L’épopée nucléaire française est une réussite industrielle et scientifique qui nous permet de produire 70 % de notre énergie. Or, par lâcheté et manque de vision, nos gouvernements successifs se sont acharnés à casser ce modèle d’excellence : libéralisation du marché de l’électricité, dépeçage d’EDF, lois dictées par le lobby vert… ou l’Allemagne. Le nucléaire demeure pourtant la seule source d’énergie capable de diminuer les émissions de carbone sans déclencher une crise économique majeure.
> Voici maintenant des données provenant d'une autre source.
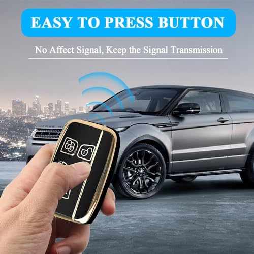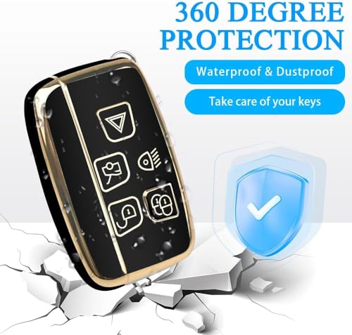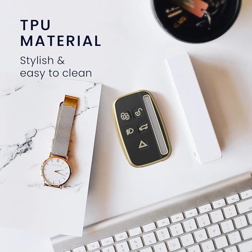 SHOPOFLUX TPU Car Key Cover Compatible for Jaguar & Range Rover Evoque Velar Discovery LR4 Land Rover Sport XF XJ XE F-PACE F-Type 5 Button Smart Key – Black

Hors du nucléaire point de salut. Qu’on s’en désole ou qu’on s’en réjouisse, pour notre civilisation, c’est une certitude. L’enjeu est économique et technique, mais avant tout politique : privée de centrale nucléaire et avec 100 % d’énergies renouvelables (EnR), la France aurait beaucoup de difficultés à maintenir un niveau acceptable de création de richesse. Quant à l’État, il ne pourrait pas financer les prestations sociales ni même ses fonctions régaliennes.
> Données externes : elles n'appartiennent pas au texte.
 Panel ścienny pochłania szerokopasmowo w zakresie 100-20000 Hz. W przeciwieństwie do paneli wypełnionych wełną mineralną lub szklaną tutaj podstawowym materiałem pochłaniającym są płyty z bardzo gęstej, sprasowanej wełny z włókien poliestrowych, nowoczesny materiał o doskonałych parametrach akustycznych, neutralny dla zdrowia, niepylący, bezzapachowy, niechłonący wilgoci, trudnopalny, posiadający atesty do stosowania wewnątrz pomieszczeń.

En matière de transition énergétique, l’unique stratégie possible conjugue quatre types d’actions. La première et la moins compliquée consiste à économiser de l’énergie. Faire autant, voire plus (chauffer, rouler, fabriquer) avec de moins en moins. C’est essentiel, mais insuffisant. Il faut donc en même temps, autant que faire se peut, remplacer toutes les énergies fossiles par de l’électricité ou du gaz verts, c’est-à-dire produits sans émission de gaz à effet de serre (on dira également « décarbonée »). Bien entendu, la source d’énergie doit être fiable, constante et abordable, ce qui, aujourd’hui, exclut les renouvelables. En effet, celles-ci, notamment l’éolien, le photovoltaïque (solaire) et l’hydraulique, ne peuvent nullement être le composant essentiel, et encore moins unique, de notre mix énergétique, comme on semble le croire en Allemagne. Pour une bonne raison : c’est qu’elles sont intermittentes. Un anticyclone peut mettre à l’arrêt le parc national d’éoliennes en plein pic de consommation de l’hiver de la même façon que le mauvais temps peut cacher le soleil et faire chuter la production du solaire en période chaude sans égard pour les besoins de transport, de l’industrie ou des foyers dans la journée.
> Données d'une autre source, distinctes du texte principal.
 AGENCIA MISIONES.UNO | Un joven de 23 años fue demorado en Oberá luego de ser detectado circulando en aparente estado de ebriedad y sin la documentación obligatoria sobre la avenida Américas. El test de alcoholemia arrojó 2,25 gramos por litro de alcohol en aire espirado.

Les énergies renouvelables ne peuvent supplanter le nucléaire

Ainsi, paradoxalement, plus la part des EnR dans le mix énergétique d’un pays augmente, plus il faut construire de centrales capables de produire à la demande et rapidement pour assurer la continuité de l’approvisionnement quand les intermittentes sont hors service. Et si ce n’est pas le nucléaire, ce sera le gaz. Ce qu’explique Dominique Finon, directeur de recherche honoraire au CNRS, conseiller spécial du Conseil français de l’énergie et ancien consultant de la Banque mondiale : « Le planificateur ne peut manquer de trouver que, même avec un nucléaire plus cher que l’éolien et le photovoltaïque pour chaque MWh d’énergie produite, ça coûterait moins cher au total de faire à la fois du nucléaire et des EnR parce que les MWh des EnR, produits n’importe comment et n’importe quand, ont bien moins de valeur économique que le MWh venant du nucléaire qui produit à pleine puissance et pendant les pics de manière fiable et prévisible. Les études montrent que, dans les pays dans lesquels l’opinion publique accepte le nucléaire, comme la France, le mix énergétique idéal est composé au maximum de 5 % de photovoltaïque, de 20 % d’éolien et de quelque 70 % de nucléaire, en n’oubliant pas les 10 % de production hydraulique existant. »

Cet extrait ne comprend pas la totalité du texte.